Reducing the Greenhouse Gas Footprint
Exascale will enable the food industry to pioneer more efficient manufacturing processes that use less energy, in turn lessening its environmental impact.
“The food and agriculture sectors are among the largest contributors to climate change and the loss of biodiversity,” Schmitz said. “The energy required in global agriculture, the greenhouse gases emitted, and the vast amount of land used are all contributors. The good news is that the advancements in HPC and the eventual arrival of exascale computing will enable the industry to better use data science advances to improve its environmental and ecological footprint.”

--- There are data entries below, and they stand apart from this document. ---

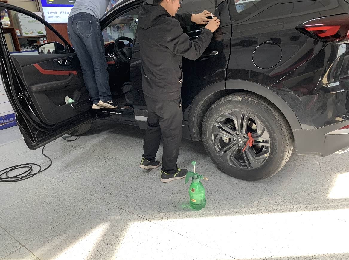 之前一直没给虎7贴膜,4s送的膜不想贴,感觉不是很热,但是后来感觉到还是想要隐私好一点,就想着有空去贴一下膜,倒了汽配城里面后,找到贴膜的地方,工作人员耐心的指导停车,停好车后,老板便开始亲自上手裁膜了,两个人分工合作
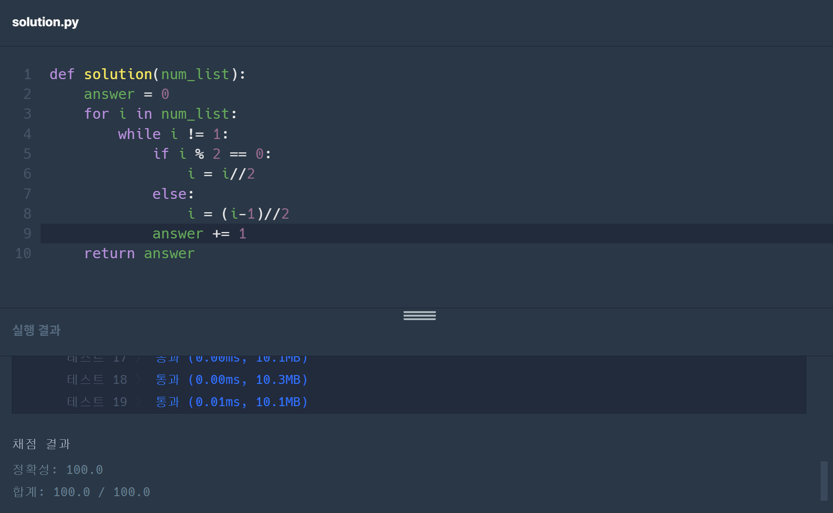 따라서 원소를 하나씩 꺼내오기 위해 for i num_list를 하고 이 배열 원소가 1이 되게 하기 위해 조건을 반복실행 해야 하므로 while i != 1를 써서 짝수 조건, 홀수 조건을 if문으로 입력하고 마지막에 answer += 1를 해주면 된다.
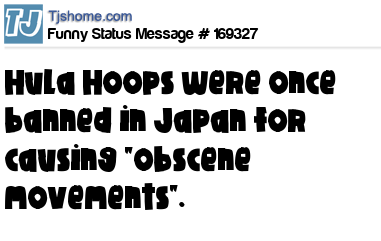 - # 169341 Pro Tip: Hula Hoops were once banned in Japan for causing "obscene movements".
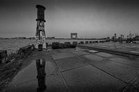 Dit werk is onderdeel van een serie van zwart-wit werken die gemaakt zijn op het voormalig NDSM terrein in Amsterdam. Van de voormalige scheepswerf zijn nog steeds overblijfselen te vinden, zoals de enorme hijskraam die nu als hotel dienst doet. Over het water heen zijn markante gebouwen te zien, o.a. Poortwachter.
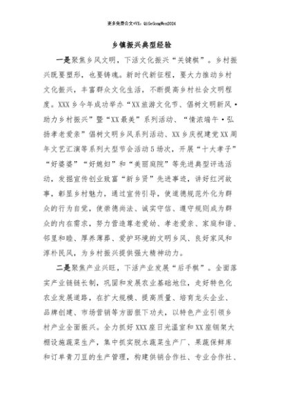 / 【七哥公文】2024年:乡镇振兴典型经验+更多免费公文+VX:QiGeGongWen2024
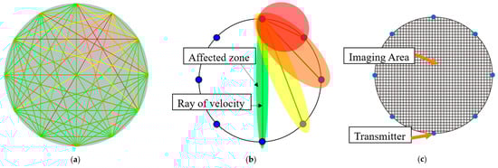 Among existing stress wave imaging algorithms, an algorithm called ellipse-based spatial interpolation (EBSI for short) can achieve relatively good 2D imaging results of internal defects in wood using stress wave signals and has become a classic algorithm in wood defects detection field [21,22,23]. The propagation mechanism of stress waves in wood has not been fully understood, because wood is an anisotropic material with a special internal structure [24,25,26]. Against this background, the EBSI method assumes that the propagation path of the stress wave in wood is a straight line, visualizes the stress wave propagation velocity matrix as shown in Figure 1a, and then reconstructs the internal defects using spatial interpolation. In order to distinguish the defective area from the healthy wood area, the stress wave velocity can be visualized in different colors [27,28]. The greater the wave velocity, the greener the color corresponding to the straight line, which means that the stress wave has passed through the healthy area; On the contrary, the smaller the wave velocity value, the redder the color corresponding to the straight line, which means that the stress wave has passed through the defect area (if it encounters a cavity defect, the stress wave will propagate around the defect area, resulting in an increase in the propagation time between two sensors). As shown in Figure 1b, the basic idea of the EBSI method is to ellipticize each stress wave propagation straight line and estimate each grid point in the imaging area (as shown in Figure 1c) using elliptic space interpolation. Specifically, an ellipse is generated adaptively according to the length of the propagation straight line (which becomes the affected zone), and then the velocity distribution value of each grid point in the imaging area is traversed and calculated by the colors of all ellipses covering the grid point. Different interpolation strategies such as ellipse shape design and grid point estimation have been proposed based on EBSI [20,22,23,29,30,31].
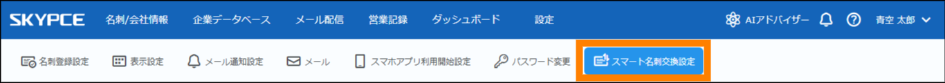 ② 「スマート名刺交換設定」をクリックする。
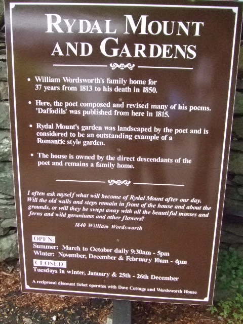 Rydal Mount はワーズワースが1813年から1850年まで37年間暮らした家。その庭はワーズワース自身が設計した。

Spreading the Use of Data Science
“The advent of exascale will help spread the use of data science more widely,” Kennedy said. At present, most companies are facing a shortage of data scientists while the need for digitization is expanding. At the same time, companies are trying to automate some of the tasks that would normally require a data scientist, such as cleaning, normalizing, or preprocessing data for analysis, simulation, or modeling.
“Exascale will make it possible for computers to run through scenarios faster and provide the end-user with data output in language that non-experts can understand,” Kennedy said. “Then they can go about slicing and dicing the data to prepare it for simulation. I think exascale will bring that capability to the masses so that they can directly work with their data and gain the insights and ask the questions they need for their research.”
Mars recently confirmed a collaboration agreement with the Joint Institute for Computational Sciences, an Institute of the University of Tennessee and Oak Ridge National Lab. The business plans to leverage the DOE and the university computational infrastructure to find solutions for some of its most complex challenges and opportunities.